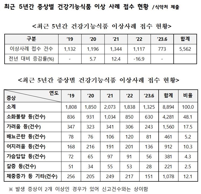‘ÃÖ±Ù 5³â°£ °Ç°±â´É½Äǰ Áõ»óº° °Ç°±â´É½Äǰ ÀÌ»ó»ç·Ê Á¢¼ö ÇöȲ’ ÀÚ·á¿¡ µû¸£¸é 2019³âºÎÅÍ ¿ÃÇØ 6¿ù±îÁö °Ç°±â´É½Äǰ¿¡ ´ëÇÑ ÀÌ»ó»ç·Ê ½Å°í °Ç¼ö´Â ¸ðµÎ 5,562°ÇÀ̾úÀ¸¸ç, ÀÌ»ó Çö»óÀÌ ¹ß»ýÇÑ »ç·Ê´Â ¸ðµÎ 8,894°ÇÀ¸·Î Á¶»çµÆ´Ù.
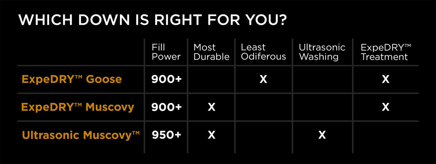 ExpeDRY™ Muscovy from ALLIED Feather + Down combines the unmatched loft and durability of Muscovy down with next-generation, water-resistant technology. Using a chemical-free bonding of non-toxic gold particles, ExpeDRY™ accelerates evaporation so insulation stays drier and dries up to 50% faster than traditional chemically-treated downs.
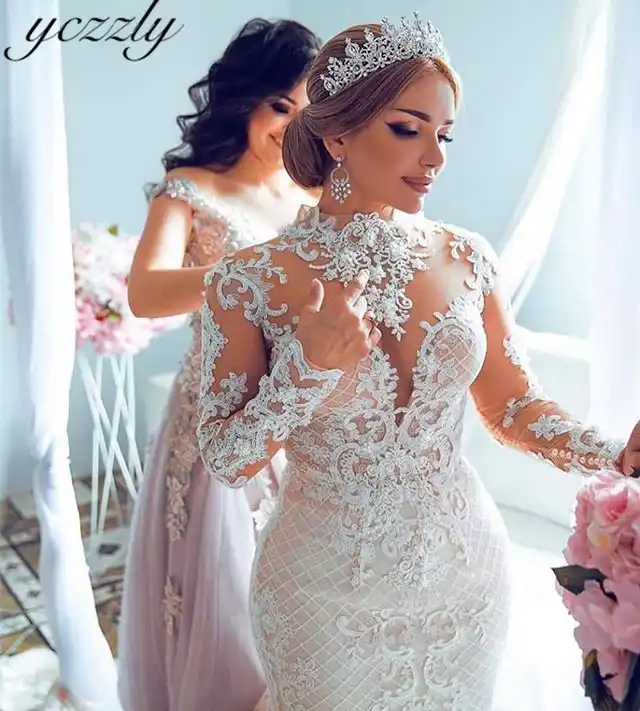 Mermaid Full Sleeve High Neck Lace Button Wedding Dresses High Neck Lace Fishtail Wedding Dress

§ **TASK TO CARRY OUT**
Word-for-word restatement: every line from the one with "ExpeDRY™ Muscovy from" through the final line of the data, both ends included, pictures excluded.

§ **COMPLETED TASK**
 ExpeDRY™ Muscovy from ALLIED Feather + Down combines the unmatched loft and durability of Muscovy down with next-generation, water-resistant technology. Using a chemical-free bonding of non-toxic gold particles, ExpeDRY™ accelerates evaporation so insulation stays drier and dries up to 50% faster than traditional chemically-treated downs.
 Mermaid Full Sleeve High Neck Lace Button Wedding Dresses High Neck Lace Fishtail Wedding Dress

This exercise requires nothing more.